破滅エンドまっしぐらの悪役令嬢に転生したので、おいしいご飯を作って暮らします ②【11/25コミカライズ完結記念番外編追加】
「ティコ……てめーはまた空気を読まずに」

「すすっ、すみません~。でも、やっぱり俺に食事係は無理ですよぉ」

「しょーがねーだろ! ダズは高熱で動けねぇんだから」

 どうやらいつもの食事係が病気で、料理に慣れない者が作って失敗したようだ。

 料理で困っているとあって、アーシェリアスはつい声をかけてしまう。

「あ、あの、何を失敗して焦がしたんですか?」

「味付き鹿肉っス」

 素直に答えたティコに、頭領が溜め息を吐いた。

「おいおい、商品となに呑気に料理の話なんてしてんだよ」

「あ、すんません。でも、このままじゃみんなの飯が無くなっちまうんで、別のモンに頼んでくださいっス」

 嘆くティコを見て、アーシェリアスは『これだ』と意を決して「あの!」と手を頭領を見る。

「それなら私が作りましょうか?」

「……お嬢さんが?」

 訝しげな顔でアーシェリアスを見つめ返す頭領。

 アーシェリアスの発言にザックとノアは驚き目を丸くする。

「実は私、料理は得意なんです。どうせ売られるなら、その前に好きなことさせていただけませんか?」

 自らの運命を受け入れつつ願うアーシェリアスを、頭領は見極めるように頭からつま先まで視線を這わせた。
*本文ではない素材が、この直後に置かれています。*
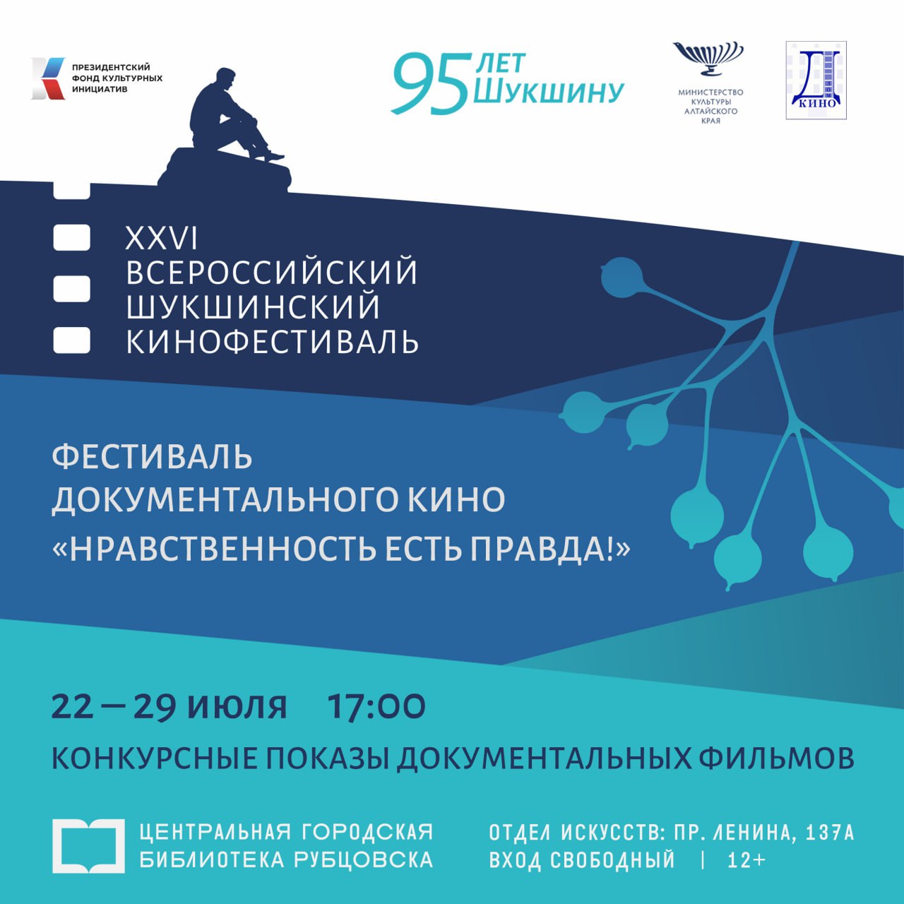 29, 30.07 – 17:00 «XXVI Всероссийский Шукшинский кинофестиваль» – конкурсные показы документальных фильмов (16+) Центральная городская библиотека
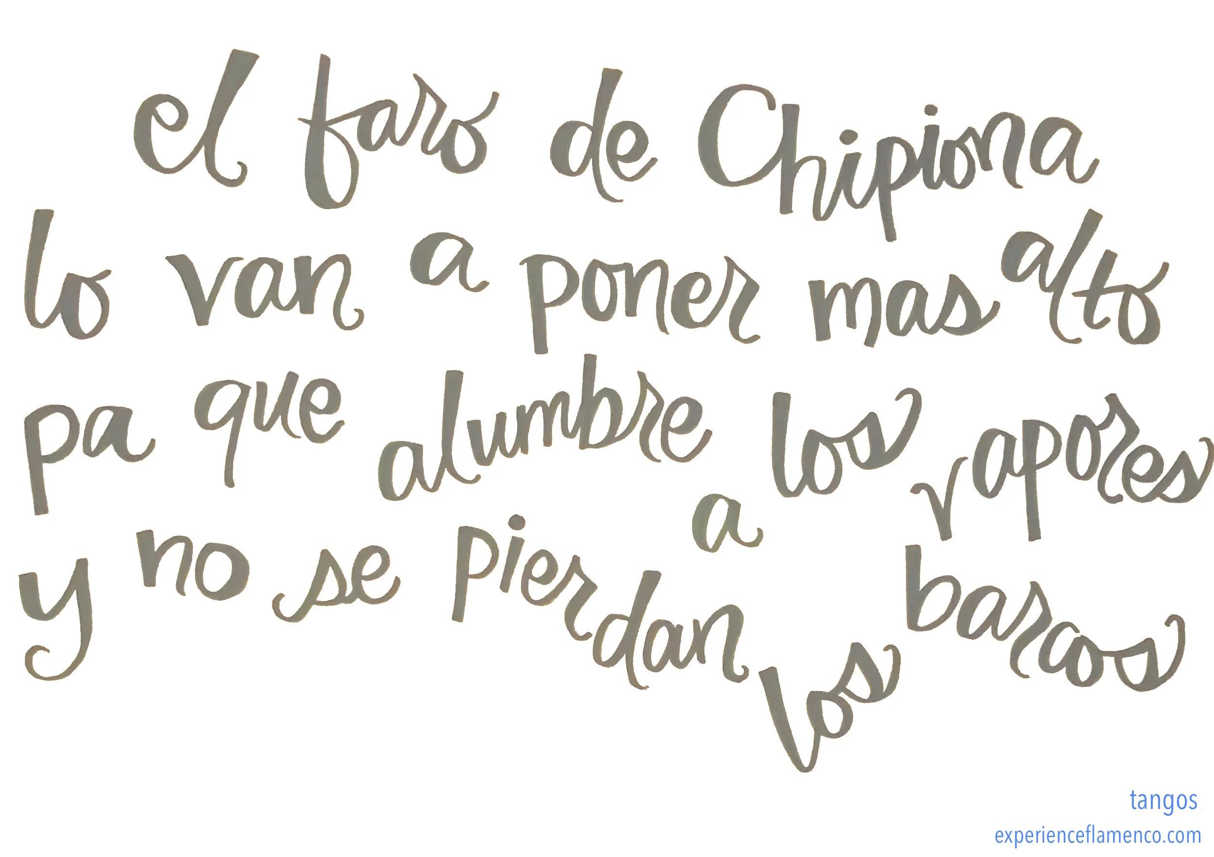 Here is a tangos letra along with a video of José Mercé singing it accompanied by Moraíto Chico.

「ふむ……まあ、力もなさそうだし警戒することはねぇか。いいだろう。ティコ、しっかり見張って作らせろ」

「了解っス!」

 アーシェリアスは心の中でガッツポーズをする。

(よしっ! これで少しチャンスはできた! あとはどうにかして情報をゲットしないと。それと、ザックとノアも出してあげれるといいんだけど……)

 それは一度ここを出て、アジトの状況を確認してからが得策だろう。